Robert A. Heinlein by unknow

Robert A. Heinlein by unknow

Author:unknow
Language: eng
Format: epub
Published: 2012-01-04T08:56:59+00:00


As with all these early novellas, the opening scene of “Universe” plunges us less into intrigue or action than an alien and problematic world. This story is one of Heinlein’s triumphs of “extrapolation.” A whole mode of human existence, at once strange and all too familiar, is skillfully built up of rapid touches and crucial details, as we catch it in mid-evolution. On a starship of the Jordan Foundation, bound for distant Proxima Centauri, there is a mutiny. The result of this struggle is reversion to a cultural dark age. To the survivors, the ship becomes their universe. A new cosmology is created: scripture (“the Lines from the Beginning”) springs up telling of “Jordan’s Plan,” of the creation and fall of man. In this account, Chief Mutineer Huff becomes Lucier—Heinlein gives us a masterly-drawn example of the human mind creating its myths out of limited knowledge, and thereby confining itself to the narrowest space.
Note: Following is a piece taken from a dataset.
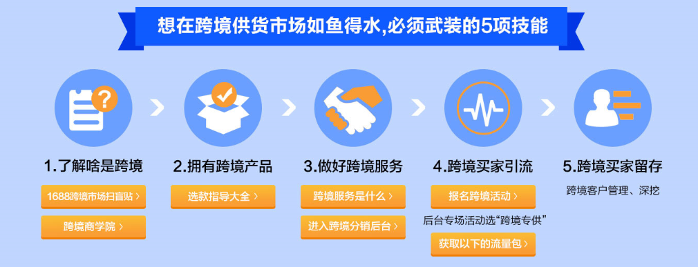 假如自己入驻了跨境专供,还有很多不了解的内容,可以在1688的圈子中找“跨境专供官方圈”,那里面有很多你想要的干货(包括装修、付款、排名算法等)。

The society of “Universe” is thoroughly medieval in its “geo-centrism.” Men inhabit the lowest areas of the ship, where gravity is highest. Their culture is divided into two classes: the peasant-serfs, and the “Scientists,” a priestly caste whose “science” is purest scholasticism. The upper, low-gravity levels of the ship have been abandoned to the “muties”—mutants caused by radiation resulting from the destruction of the protective shield. Typically, the Scientists’ explain the muties not in physical but symbolic terms. They are the cursed descendents of the “mutineers”—the outcast race. To man, then, the sky is closed. And yet, only this way lies salvation, for here one can look out on the stars, see this “Universe” for the insignificant thing it is. The desire to go up remains in the human race. This story opens with a foray by three boys into the dangerous realms above. For two of them it is sport, an adventure. For the third, however, it is more: Hugh Hoyland feels a strange, inexplicable sense of awe. In this dark world, he is to be the new Galileo. Called to seek the higher truth he intuits, he will look out on new worlds .

But are the muties really the more fallen race? In”Universe,” the matter is far more complex. Deprived of the possibility of raising their own food, the muties have reverted to a nomadic tribal existence, living off foraging raids and practicing cannibalism. And yet, however grisly, their use of the dead seems more natural than man’s. The humans below feed their departed (as well as live prisoners) into the mass converter. The ship is providentially kept on course. Ironically, however, this is not their intention at all. In their superstitious ignorance, they cannot imagine the true purpose of the machine. It has become a Moloch, its function solely ritualistic. The muties are made practical by their need to survive. This same self-reliant existence also leads the best of them to a genuine intellectual detachment. At the center of “Universe,” is the fortunate encounter between Hugh and Joe-Jim Gregory, the two-headed mutant ”philosopher.” Hugh is captured while on one of these ”reconnaissance” climbs.